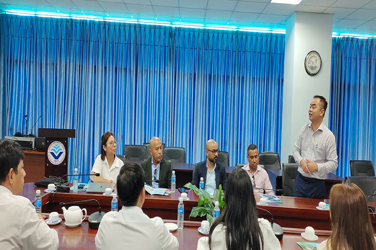 Thay mặt lãnh đạo nhà trường ThS.Nguyễn Ngọc Hiển vui mừng đón tiếp lãnh đạo Trường iLearn OZ đến thăm và làm việc, đồng thời giới thiệu về thế mạnh đào tạo cũng như bề dày truyền thống 45 năm của Nhà trường
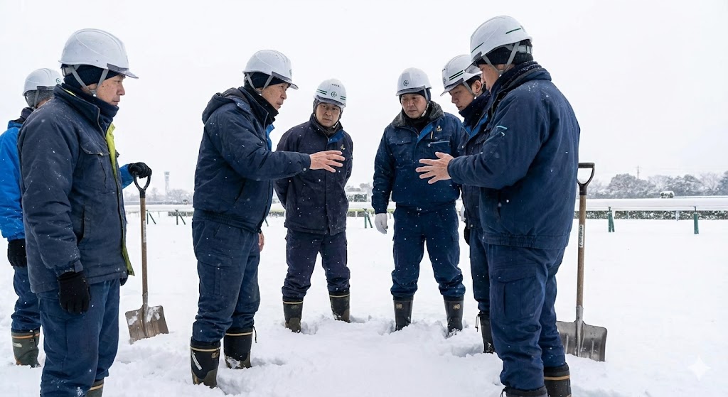 具体的な判断基準としては、開催前日の夕方の時点で、翌日の降雪確率が一定以上あり、なおかつ気温が氷点下まで下がる予報が出ている場合です。単に雪が降るだけでなく、「路盤が凍結して馬の安全が確保できない可能性」が1%でもあると、JRAは保守的な判断を下します。芝コースは非常に繊細で、雪が少し積もった状態で馬が走ると、芝の根が傷むだけでなく、蹄が滑って転倒事故に繋がる恐れがあるからです。これは馬だけでなく、ジョッキーの命を守るための厳格なルールなんですね。
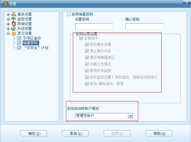 勾选该图的“启用瑞星密码”,下边各项才为可选状态。
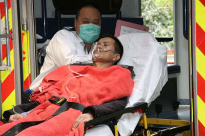 由于擔(dān)心醫(yī)療費(fèi)用,事主在21日晨7時(shí)許向醫(yī)生要求出院,之后由朋友協(xié)助駕駛私家車載返香港,并報(bào)警求醫(yī),救護(hù)車在港鐵九龍?zhí)琳緦?duì)面沙福道,接走事主送往伊利沙伯醫(yī)院檢查診治。
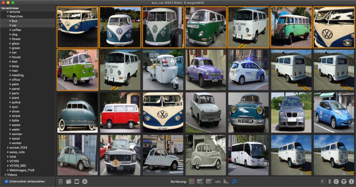 - Sortierung nach Inhalt/Farbe, Erstellungsdatum, Änderungsdatum, Dateiname, Dateigröße und Ähnlichkeit zu ausgewählten Bildern
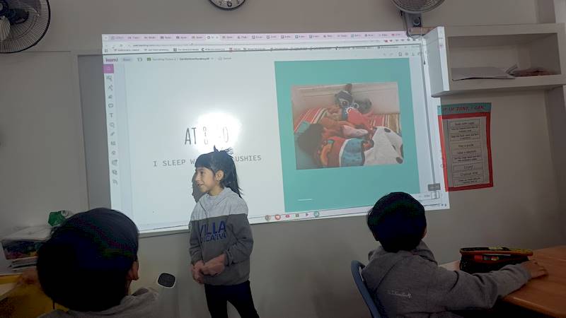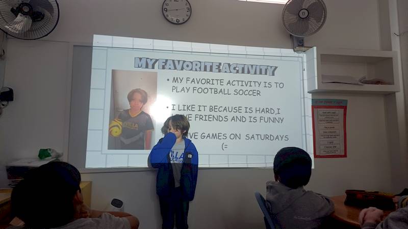Esta actividad fue diseñada intencionalmente para desarrollar habilidades cognitivas y lingüísticas esenciales. También resultó divertida y creativa porque permitió a los estudiantes fotografiar sus actividades favoritas y explicar por qué las disfrutan. Seguimos practicando el hablar lento y claro frente a la clase. Al combinar la comunicación visual, escrita y oral, el proyecto garantiza que los niños fortalezcan su fluidez general en inglés de una manera solidaria e integrada.
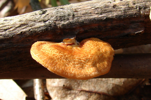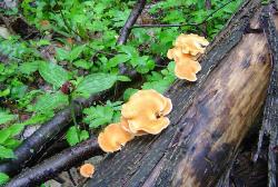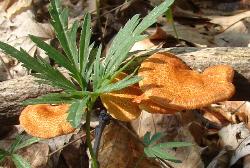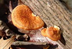 Found in early spring growing from fallen logs, branches and sticks of
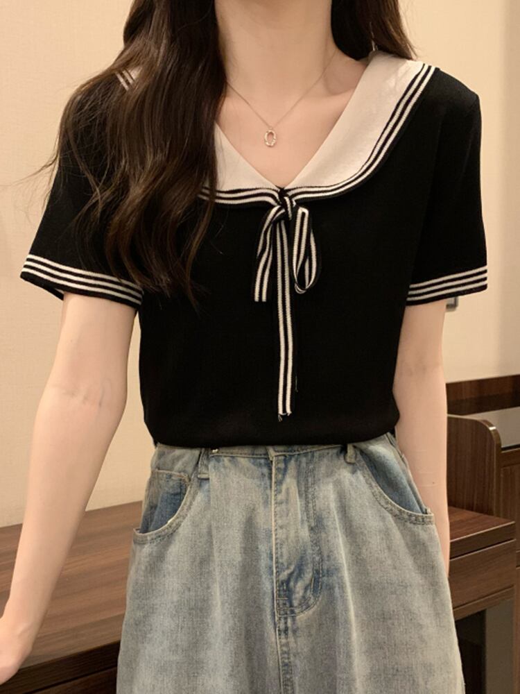 送料無料 プレッピースタイルアイスシルクニットセーター女性セーラー襟半袖トップ 2022 夏薄いプルオーバーストライプセーター女性服 ショート ハーフスリーブ サマー 夏物 AE1212887768909827148
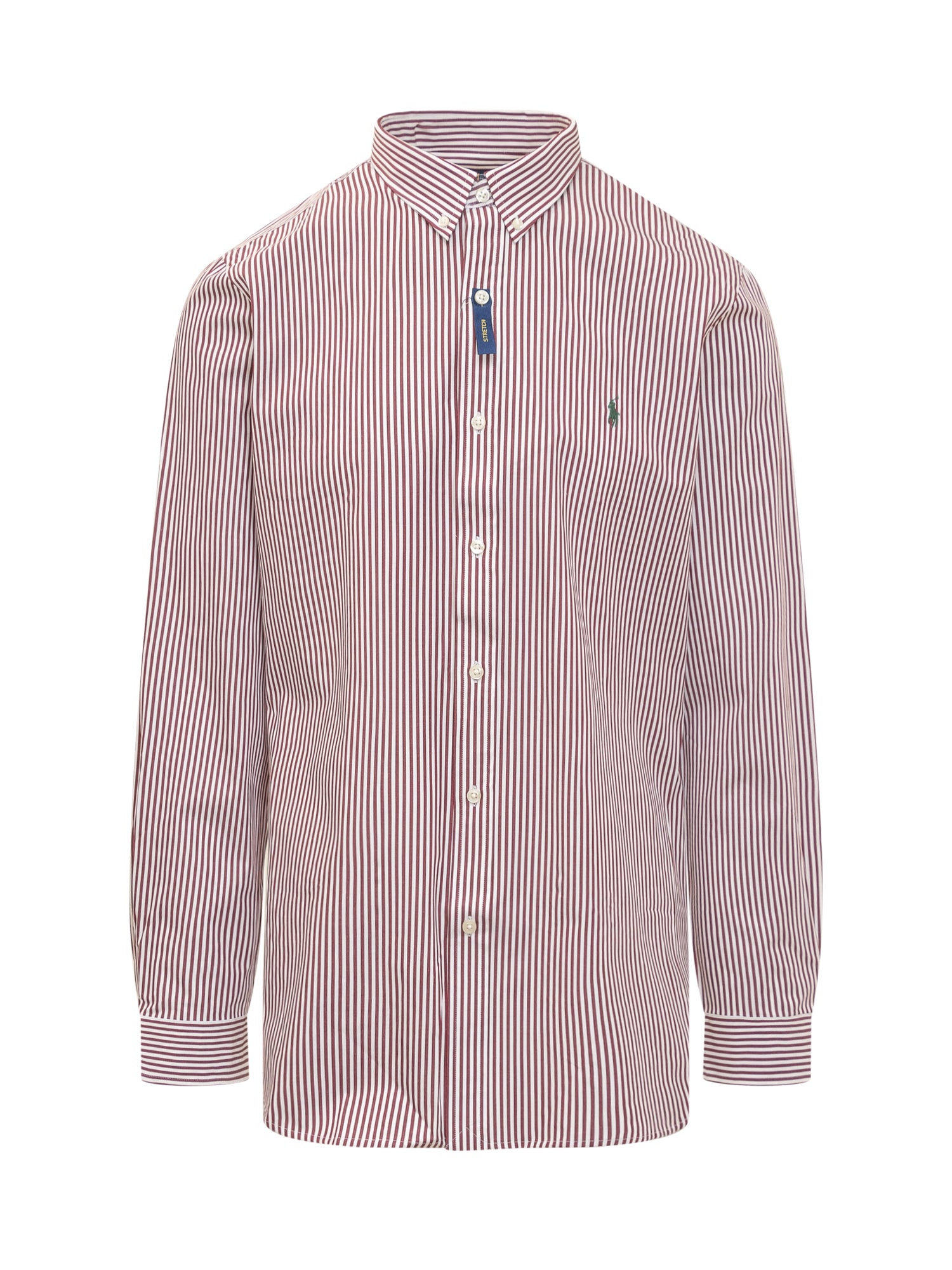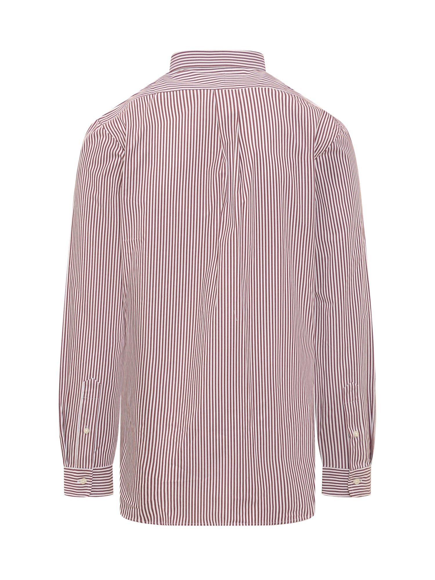 Camicia a righe rosse. Maniche lunghe. Colletto button down. Chiusura con bottoni. Bottoni sui polsi. Logo ricamato sul petto.
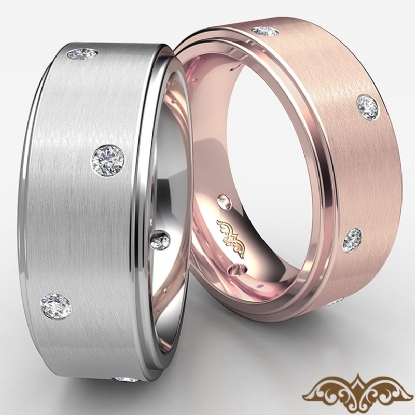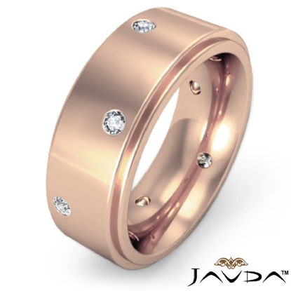Flat Edge Men's Round Bezel Diamond Eternity Wedding Band 18k Rose Gold (0.24Ct. tw.)
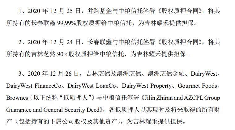 而在此期间,即2020年12月24日,吉林耀禾与中粮信托有限责任公司(以下简称“中粮信托”)签署《信托贷款合同》,中粮信托将向吉林耀禾累计发放本金不超过7亿元的贷款。同时,为担保吉林耀禾的还款义务及其他各项义务的履行,上海祥民股权投资基金及其下属控制主体提供提供了连带责任保证及相关财产的抵押、质押担保,具体如下图。
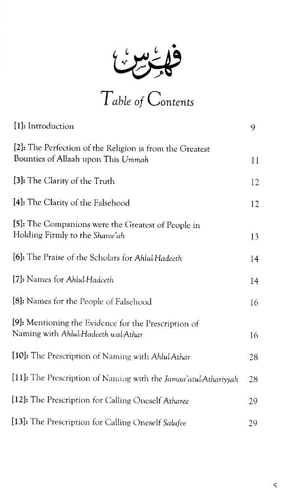 The topics covered in the book include: The perfection of the ShareeÆah, the clarity of truth, the various names of the people of hadeeth, the legislation of naming with Ahlul-Athar, Atharee, Salafee, mentioning the signs of the people of innovation, the proof that the history of the Ahlul-Hadeeth begins from the time of the Companions to this day of ours, the virtues of seeking hadeeth, AllahÆs benevolence upon the people of hadeeth with the isnaad, the people of hadeeth are the saved sect and aided group, the Four Imaams are from amongst the Ahlul-Hadeeth, the innovators hate the Ahlul-Hadeeth, the Ahlul-Hadeeth are the actual callers to Allaah, the Ahlul-Hadeeth are always the best of all people in all times, the Ahlul-Hadeeth are the people of unity and much moreà
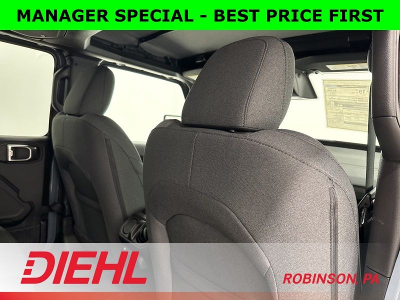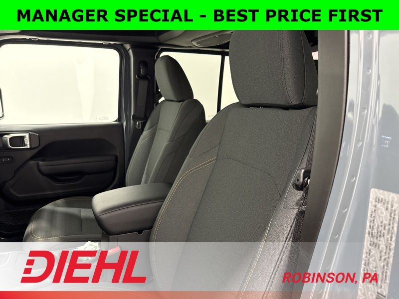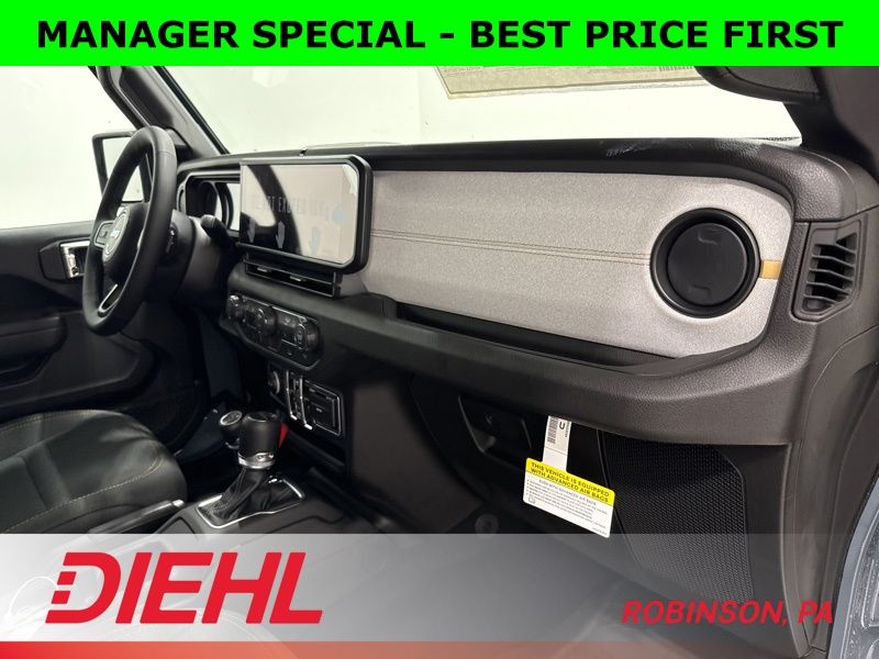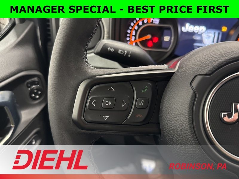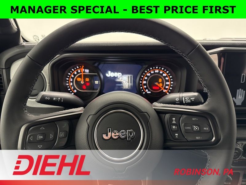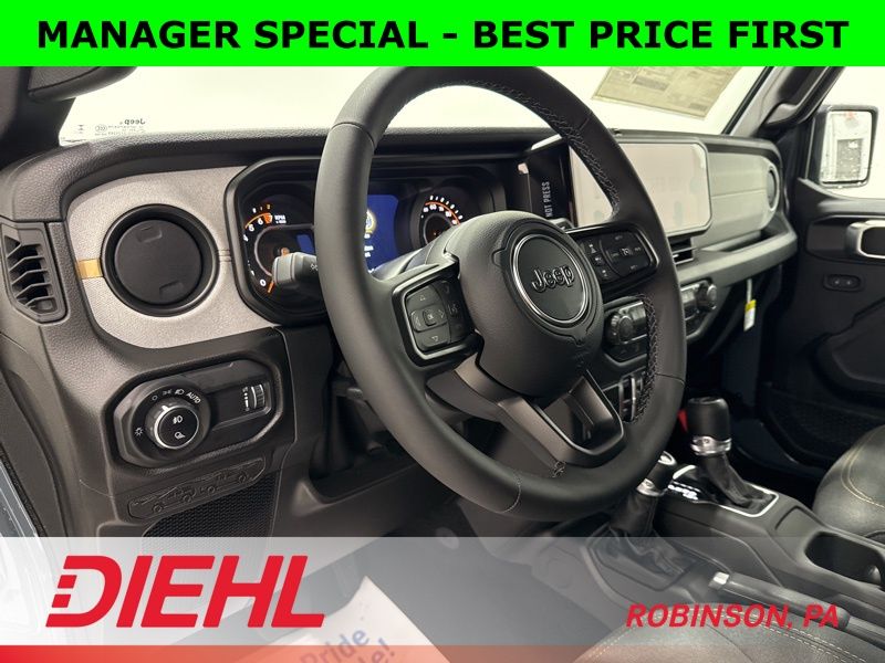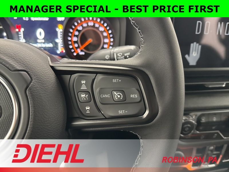 Inside, you’ll find the perfect balance between rugged and refined. The black cloth interior features the latest 12.3-inch Uconnect 5 touchscreen, Apple CarPlay and Android Auto integration, and voice-activated navigation that actually listens. Dual-zone automatic climate control, power windows and locks, and a wrapped steering wheel bring modern comfort to this trail legend.
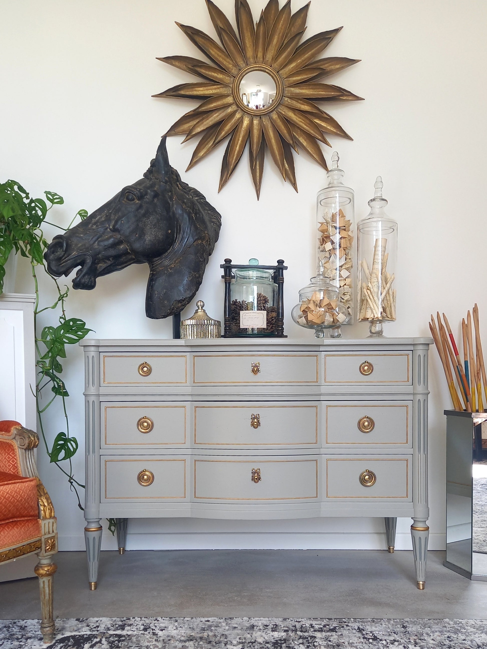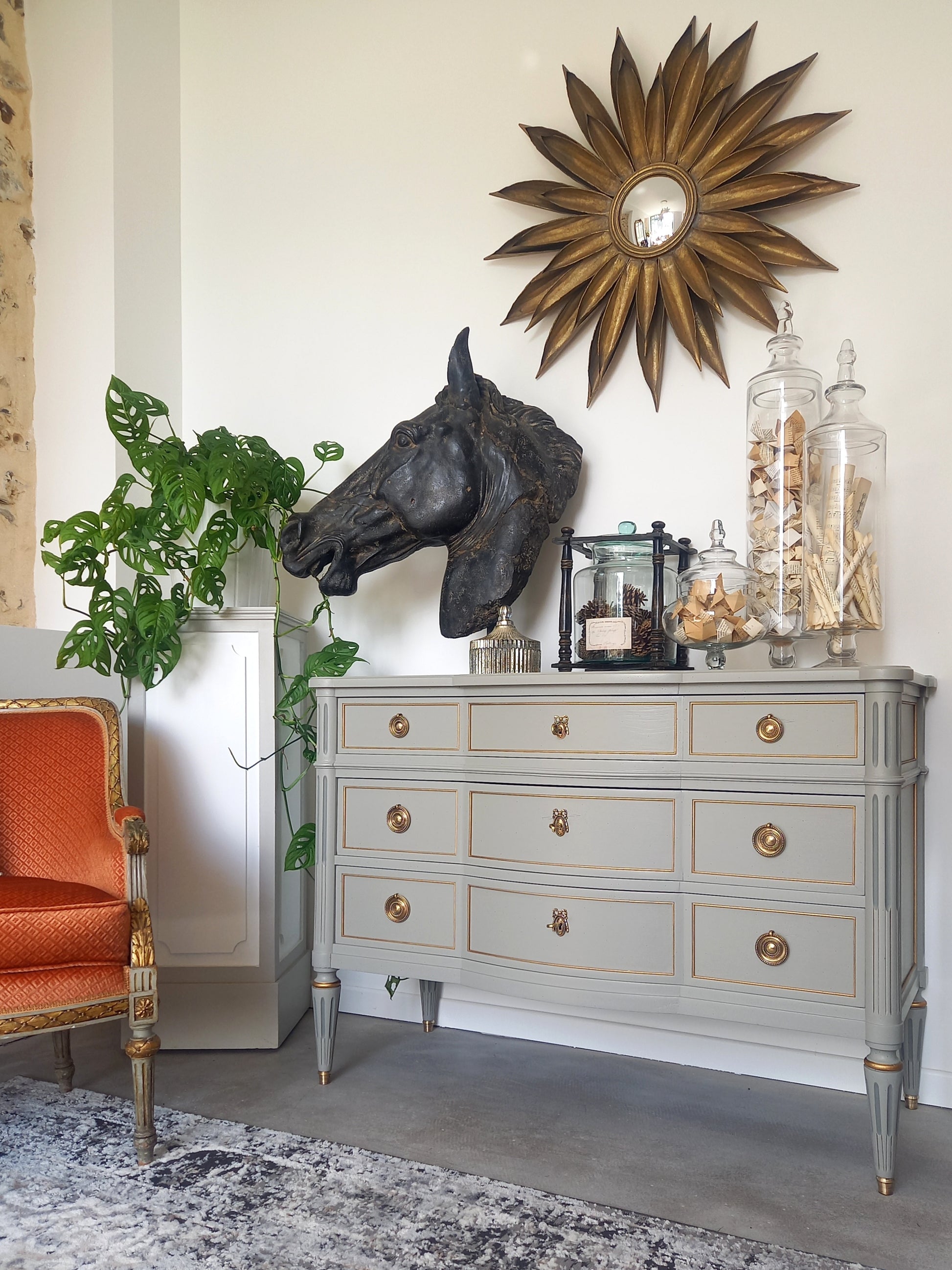 Commode galbée ancienne de style Louis XVI.

* * * * * * *

- What is required -
Keep to the stretch from the line containing "送料無料 プレッピースタイルアイスシルクニットセーター女性セーラー襟半袖トップ 2022" through the line containing "而在此期间,即2020年12", both ends included, and copy it exactly from the listing above, minus the pictures.

- Solution for this task -
 送料無料 プレッピースタイルアイスシルクニットセーター女性セーラー襟半袖トップ 2022 夏薄いプルオーバーストライプセーター女性服 ショート ハーフスリーブ サマー 夏物 AE1212887768909827148
 Camicia a righe rosse. Maniche lunghe. Colletto button down. Chiusura con bottoni. Bottoni sui polsi. Logo ricamato sul petto.
Flat Edge Men's Round Bezel Diamond Eternity Wedding Band 18k Rose Gold (0.24Ct. tw.)
 而在此期间,即2020年12月24日,吉林耀禾与中粮信托有限责任公司(以下简称“中粮信托”)签署《信托贷款合同》,中粮信托将向吉林耀禾累计发放本金不超过7亿元的贷款。同时,为担保吉林耀禾的还款义务及其他各项义务的履行,上海祥民股权投资基金及其下属控制主体提供提供了连带责任保证及相关财产的抵押、质押担保,具体如下图。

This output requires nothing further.